Tokyo's creative economy
"Japan has long been a world trendsetter, launching icons like the Sony
Walkman and Honda Civic and sparking crazes for Tamagotchi and the
wide-eyed characters of anime films. But lately, thanks to an economic
transformation a decade in the making, Japan has shifted its
trendmaking machinery to high gear. As its economy grows again, quirky
creativity has become one of its biggest growth industries."

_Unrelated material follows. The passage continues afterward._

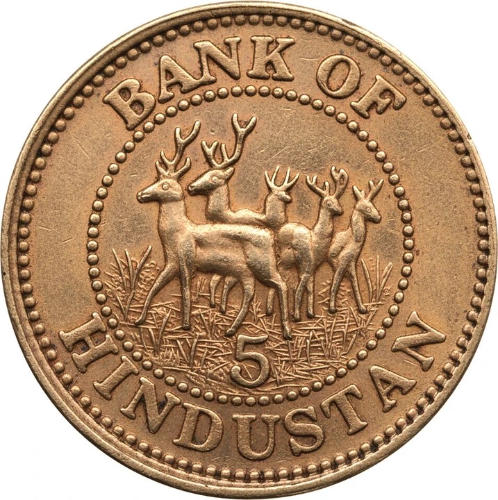 Ex-Rare 5 Rupya (Bank of Hindustan)1939 King George 6th,5 Deer/Hiran – Bank of India Medieval Coin Collection With Beautiful Box and Stand

A list of recent innovations found in Tokyo include Jesus-themed restaurants, T-shirts that release Vitamin C to the skin, an earwax camera, Converse sneakers covered in fake jewels and hot-tub karaoke. (Oh, and there's my personal favorite: the "maid cafe," where waitresses dressed in black-and-white French maid outfits greet each customer with the phrase, "Welcome home, master.") One innovation that I can see gaining a foothold in Silicon Valley (home of the lava lamp) is the Banpresto Aquapict Jellyfish Aquarium, which is basically a water tank filled with live jellyfish which are then illuminated by an LED device so as to appear purple, green or pink.
To review the latest in Japanese innovation, check out the archives of JSPY, which was a great "spy" site for Japanese trends. (Unfortunately, much like the recently-deceased Business Innovation Insider, the Jspy blog is no longer live, having passed away in September 2006.)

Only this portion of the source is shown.